For a moment the room echoed with the amen, then it was silent. Don looked over his shoulder and spied the miner he had encountered earlier staring at him, a baleful gaze of burning hatred in his eyes. Don looked back down at Meruna – she still knelt before him, head bowed in supplication. Then suddenly she shot upright, standing before him, her eyes bright, almost glowing. She did not smile, did not look at Don, rather she looked almost through him, as if he were a window. As her eyes scanned the room, she saw the miner, and immediately the look on her face softened, and she was transformed. It was then she looked up at the priest, “Father,” she reached up and brushed her hair back from her forehead, “I must take my leave of you for now but surely I’ll see you at morning prayers.” Don nodded silently, then said, “Yes of course,” but she had already moved past him. The second she stepped around him the room came alive again with the sounds of the miners and Mercy colonists welcoming the new arrivals.
Don was left standing in the middle of the room like a rock in a stream, unnoticed and forgotten. The only person who noticed him was Wayne. Wayne stood for a moment, his back against the large shuttle doors, finally he reached out and touched Don’s arm, “Don come on, let’s let them get settled. Tomorrow there is a festival planned to welcome them which we’ll be expected to attend.”
Don looked at Wayne’s face. It held no answers, was empty almost, void of emotion. “Yes,” he paused, looked around, “yes of course.” He lifted his cap to his head then paused and looked around again. “Wayne, I have a bad feeling about this.”
Wayne slipped his cap on.
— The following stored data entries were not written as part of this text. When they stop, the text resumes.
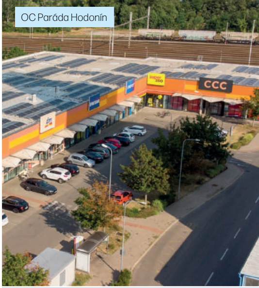
OC Paráda Hodonín
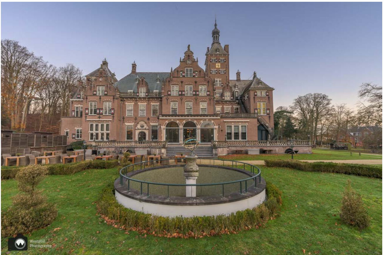
Ooit was dit het grootste woonhuis van Nederland, nu kun je er overnachten, ontbijten, lunchen of dineren.

Vorig jaar wandelden we ook vanaf dit startpunt, maar toen gingen we de andere kant op om de omgeving van Santpoort-Noord te verkennen. Vandaag lopen we in de duinen van Midden-Kennemerland, door Nationaal Park Zuid-Kennemerland en weer terug. Wij parkeren onze auto dichtbij hotel Duin- en Kruidberg. We zijn hier al meerdere keren geweest en deze plek blijft mooi. Natuurlijk maken we foto's van het hotel, want het licht is iedere keer weer anders.
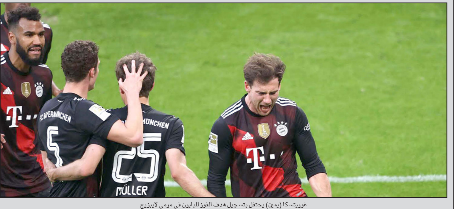
غوريتسكا (يمين) يحتفل بتسجيل هدف الفوز للبائرن في مرعى لايزيغ

■ برلين - أ ف ب: سحب بايرن ميونخ بساط المنافسة من تحت أقدام لايزيغ وضيفه منافسه على صدارة الدوري الألماني عندما تغلب عليه بهدف في المرحلة السابعة والعشرين، في حين سقط بوروسيا دورتموند أيضًا على أرضه أمام إنترراخت فرانكفورت 2-1. وخطا البائرن خطوة كبيرة في طريقه للاحتفاظ بلقبه للموسم التاسع تواليًا بهدف ليون غوريتسكا في الدقيقة 38، ليبتعد بالصدارة بـ6 نقطة، بفارق 7 نقاط عن لايزيغ الثاني، ويعد الفوز تحضيرًا ممتازًا للمواجهة المرتقبة بين العملاق البايفاري وباريس سان جيرمان في ربع نهائي دوري الأبطال، ونجح البائرن في تسجيل هدف
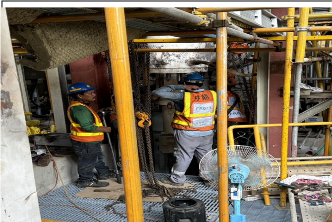
主發電設備工程 Unit 1 ST 廠房 設備安裝

His empty face became suddenly full. “It will only get worse.” He adjusted his gun belt. “It will only get worse.”
Don looked at him then over again at the miners. Meruna was chatting with them, but the leader of the group, the one encountered on the Electrotrak was still starring at them, at Don really. His eyes gleamed, and even from across the room they flashed, filled with rage and hatred. Then the miner smiled at Don, it was like a blow to the face and looked away. Don felt the sweat again down his back. “Wayne, it is worse than we thought.”